S4 Capital shares plummett almost 20 per cent after Sir Martin Sorrell’s firm hit by tech slowdown
Sir Martin Sorrell’s digital marketing giant S4 Capital provided a disappointing update for the second quarter, as its shares plummeted off the back of a tech slowdown.
The company said its net revenue was below budget in the last few months due to the economic climate, with the technology sector hit particularly hard.
Following the disappointing results, its shares plummeted 26 per cent at the open before finally moving to around 18 per cent by 11am.
In the longer term it was more optimistic, saying there were “longer sales cycles”, with its like-for-like net revenue growth expected to be around five per cent for the first half of the year.
It said its “slower top-line growth” meant its earnings margin was also below budget, but was still ahead of the previous year, after recovery from the pandemic.

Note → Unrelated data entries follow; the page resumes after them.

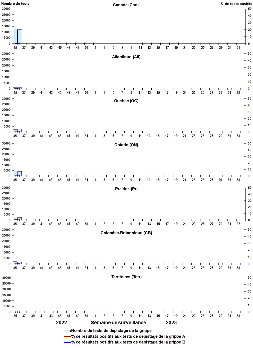 En raison des différents protocoles de test des laboratoires à travers le Canada, le nombre de détections de sous-types de la grippe A pourrait ne pas être inclus dans le nombre total de détections de la grippe A, car certaines détections de sous-types ne sont pas disponibles par le biais de tests de routine, mais sont ensuite signalées si d'autres tests de sous-types sont effectués. Dans ces cas, les détections de sous-types ne reflètent pas les détections de la grippe A destinées à être capturées par la surveillance de routine et sont exclues des détections totales et du pourcentage de positivité.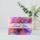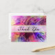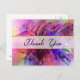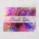 Une carte postale de remerciement avec un arrière - plan qui est un design abstrait qui a un look brillant en verre. Beaucoup de nuances pointues et des arêtes pointues lui donnent un look moderne cool. De nombreuses teintes de violet et de rose se mélangent pour donner à ce design une sensation de vie passionnante. Merci écrit à travers le centre dans une police de caractères fantaisie posée sur une couverture blanche transparente avec une bordure en or.
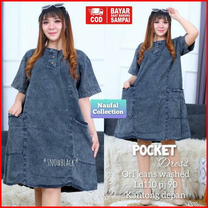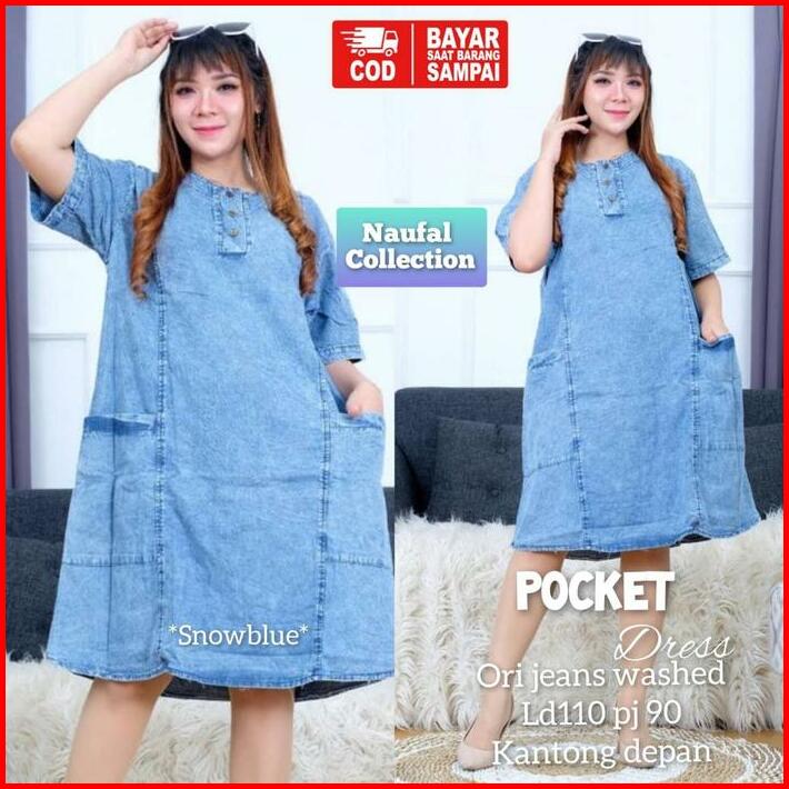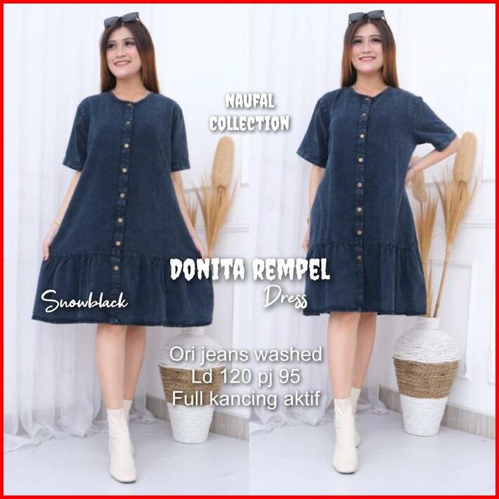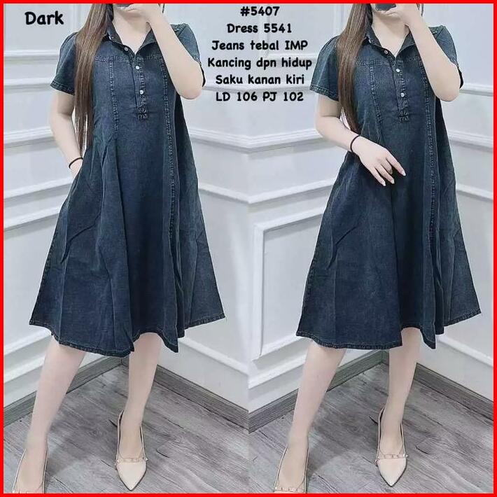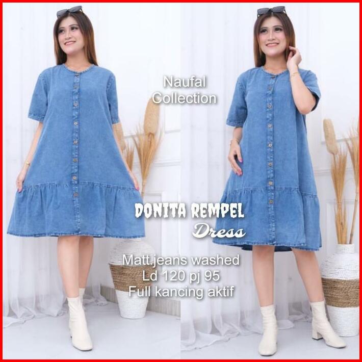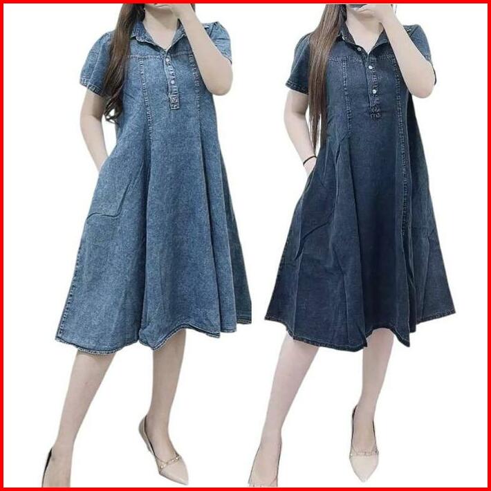 Dress Jeans Jumbo Wanita Ld 124 Midi Dress Denim A Line Home Dress Casual Lengan Pendek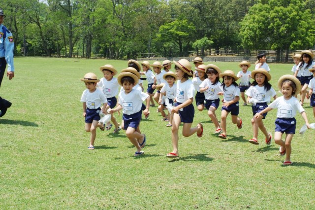 みんなが楽しみにしていた山本公園散歩。暑すぎず、寒くもなく本当に過ごしやすいてんきでした。山本公園まで大人の足でならあっという間ですが、初めて園外を歩くみんなにとっては長い道のり。隣の友だちと手をつなぎ、まっすぐ歩く…と言うのが難しいのです。ちゃんとたどり着くのか心配でしたが、ミサトッコが脱げながらもなんとか予定していた時間よりも早く到着しました。公園では、すでに北山本幼稚園のお友だちが遊んでいて大混雑。大人気の総合遊具は長い列が出来ていました。自分だけ先にすべりたいと割り込みしようとする子が何人かいましたが、「順番だから遊ぼうね}と声を掛けると最後尾に行き、ちゃんと待っていました。砂遊びを楽しむ子も多く、みんな楽しんでくれていたと思います。帰り道はちょっと疲れが出たのか何度か止まって列を修復しなければなりませんでしたが、初めてのお散歩にしてはみんなしっかり歩いてくれました。付き添いで下さった役員さんのおかげで楽しくケガなく過ごすことができました。ありがとうございました。 |

S4. whose chair is Sir Martin Sorrell, also suggested there may be job losses, saying it would maintain a “disciplined approach to cost management, including headcount and discretionary cost”.
It massively reduced its target of like-for-like net revenue growth to 2-4 per cent down from 6-10 per cent previously.
It added that its earnings margin target had also been downsized to 14.5-15.5 per cent, down from 15-16 per cent.
Looking ahead to the rest of the year, the Sorrell- run firm said technology services “performed well” while its digital and data wing had seen “growth slow” on last year.
It said the net debt as of 30 June was at £115m, and it’s expected to rise by the end of the year to between £180-220m.
It will release its results for the first half of 2022 in September.